5. In Fig.10.5, if AOB is the diameter of the circle
and AC = BC, then ∠CAB is equal to:
(A) 30º (B) 60º (C) 90º (D) 45º
Explanation:
The ideal selection is C.
We are aware that the circle's diameter forms a right angle.
∠BCA = 90∘ ......(i)
AC = BC, and (ii) <ABC=<CAB (the angle opposite to equal sides is equal)
In △ ABC, ∠CBA+∠ABC+∠BCA=180∘ [Triangle's angle-sum attribute]]
∠CAB+∠CAB+90∘=180∘
2 ∠CAB=90∘
∠CAB=45∘.
6. In Fig. 10.6, if ∠OAB = 40º, then ∠ACB is equal to :
(A) 50º (B) 40º (C) 60º (D) 70°
Explanation:
The right answer is B 50.
Keep in mind that OA = OB = circle's radius.
<OAB=<OBA=40∘ since angles across from equal sides are also equal.
When we apply the angle sum property to △OAB, we get <AOB=180∘(40∘+40∘)=100∘.
We obtain <ACB=<AOB2=50∘ because an arc's angle at the center is twice as large as its angle at any other region of the circle.
7. In Fig. 10.7, if ∠DAB = 60º, ∠ABD = 50º, then ∠ACB is equal to:
(A) 60º (B) 50º (C) 70º (D) 80º
Explanation:
Given: (1) <DAB = 60°
, (2)< ABD = 50°
∆ADB = 180° 110° ADB = 70°...(3)
In ADB, DAB + DBA + ADB = 180° (angle sum property)
=>60° + 50° + ADB = 180° (from (1) and (2))
We are aware that angles within the same circle segment are equal.
The result is that< ADB = ACB 70°
= <ACB (From (3))< ACB = 70°
Consequently, <ACB = 70°.
8. ABCD is a cyclic quadrilateral such that AB is the diameter of the circle circumscribing it and ∠ADC = 140º, then ∠BAC is equal to: (A) 80º (B) 50º (C) 40º (D) 30º
Explanation:
The right response is (B): 50
Given that the quadrilateral ABCD is cyclic and that ADC=140
We are aware that the sum of the opposite angles in a cyclic quadrilateral is 180∘, ADC+ABC=180∘, 140+ABC=180∘, ABC=180∘140∘, and ABC=40∘.
Considering that <ACB is an angle that lies within a semicircle.
The angle in a semicircle is 90∘ degrees or a right angle.

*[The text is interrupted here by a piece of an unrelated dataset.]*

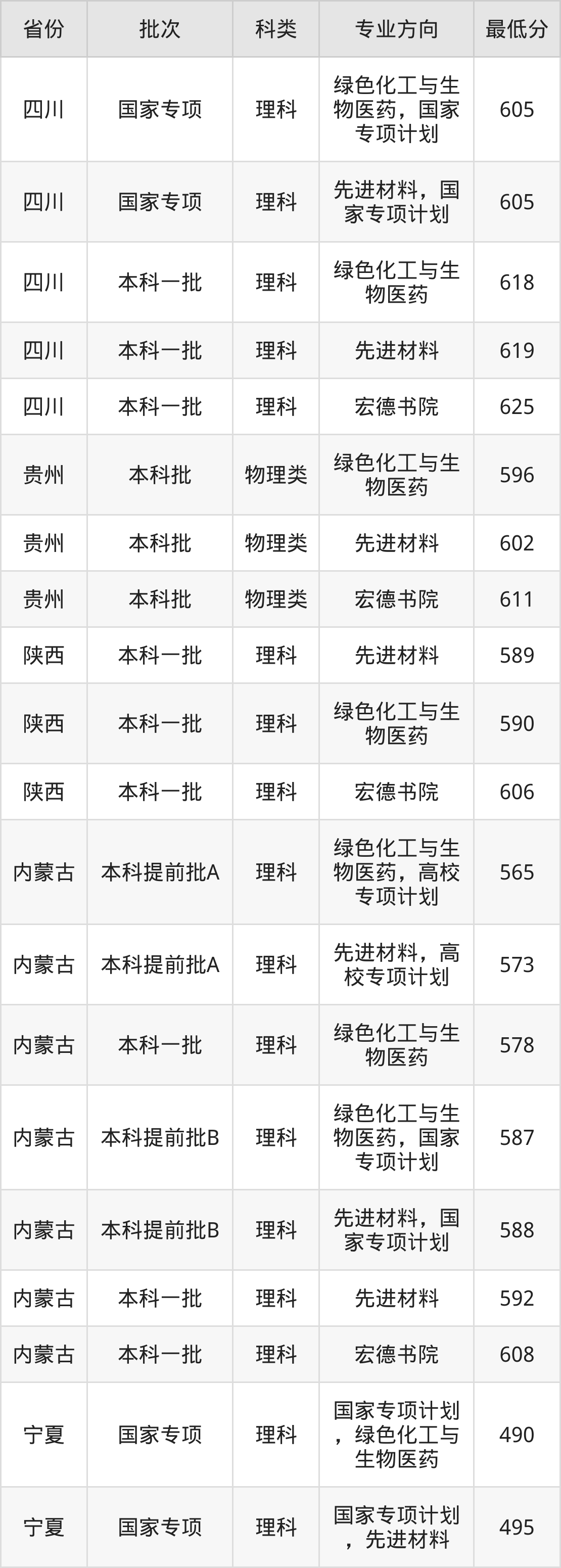 理科585分(先进材料、位次11535名),理科586分(绿色化工与生物医药、位次11250名),理科602分(先进材料、位次7199名),理科602分(绿色化工与生物医药、位次7199名),理科612分(宏德书院、位次5167名)。

According to the angle sum property of a triangle, in ABC, <BAC+<ACB+<ABC=180∘
=>< BAC+90∘+40∘=180∘
and=>< BAC=180∘+130∘=50∘.
9. In Fig. 10.8, BC is a diameter of the circle and ∠BAO = 60º. Then ∠ADC is equal to : (A) 30º (B) 45º (C) 60º (D) 120º Fig. 10.8
Explanation:
Given: BC is a circumference of a circle with a BAO of 60 degrees...

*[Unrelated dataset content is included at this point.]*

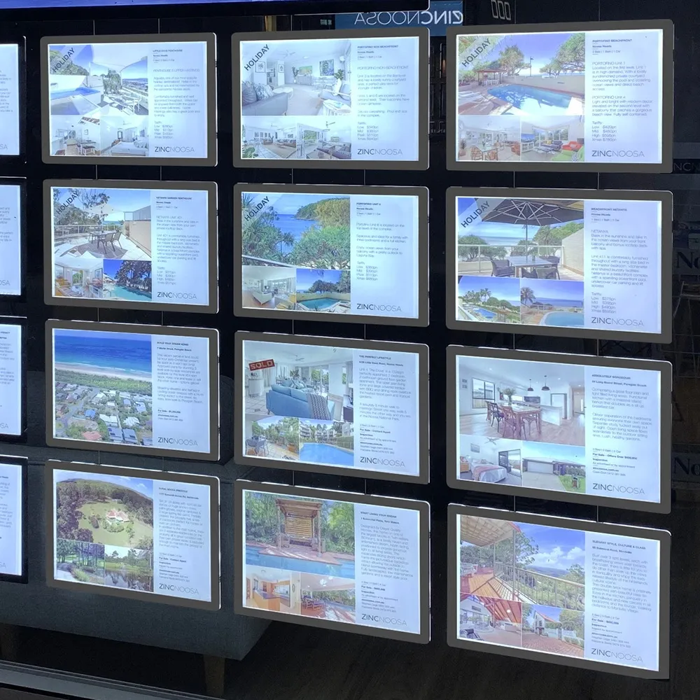 - Real estate window display signs have (12) A4 (210 x 297mm) poster frames included in kit

In the equation OAB, OA = OB, OAB = OBA, and OBA = 60° (angles across from equal sides are equal).
AOC also equals 60° + 60° (from (2)) and 120°...(3) (external angle) and 60° + 60° (from (3)).
We are aware that an arc's angle at the circle's center is twice as large as its angle at the rest of the circle.
As a result, <ADC = 60° and
<AOC = 2< ADC
=>120° = 2< ADC (from (3)).
Therefore, <ADC = 60°.
10. In Fig. 10.9, ∠AOB = 90º and ∠ABC = 30º, then ∠CAO is equal to:
(A) 30º (B) 45º (C) 90º (D) 60º
Explanation:
Given: ABC = 30° (1) and AOB = 90° (2)
We are aware that an arc's angle at the circle's center is twice as large as its angle at the rest of the circle.
As a result, <AOB = 2 ACB
=>90° = 2< ACB
<ACB = 45°...(3)
In the case of ACB,
<CAB + <CBA + <ACB = 180° (angle sum property)
=><CAB + 30° + 45° = 180° (from (2) and (3))
<CAB + 75°= 180°75°
<CAB = 105°...(4)
Additionally, in the equation ∆OAB, OA = OB and <OAB = <OBA (angles opposed to equal sides are equal).
<OAB + <OBA +< AOB now equal 180° (angle sum property) 2OAB + 90° equals 180° (from (1) and (5)) 2<OAB = 180° 90° 2OAB = 90°
OAB = 45°...(6)
105° 45° (from (4) and (6)) = 60° is the result of <CAO =< CAB <OAB.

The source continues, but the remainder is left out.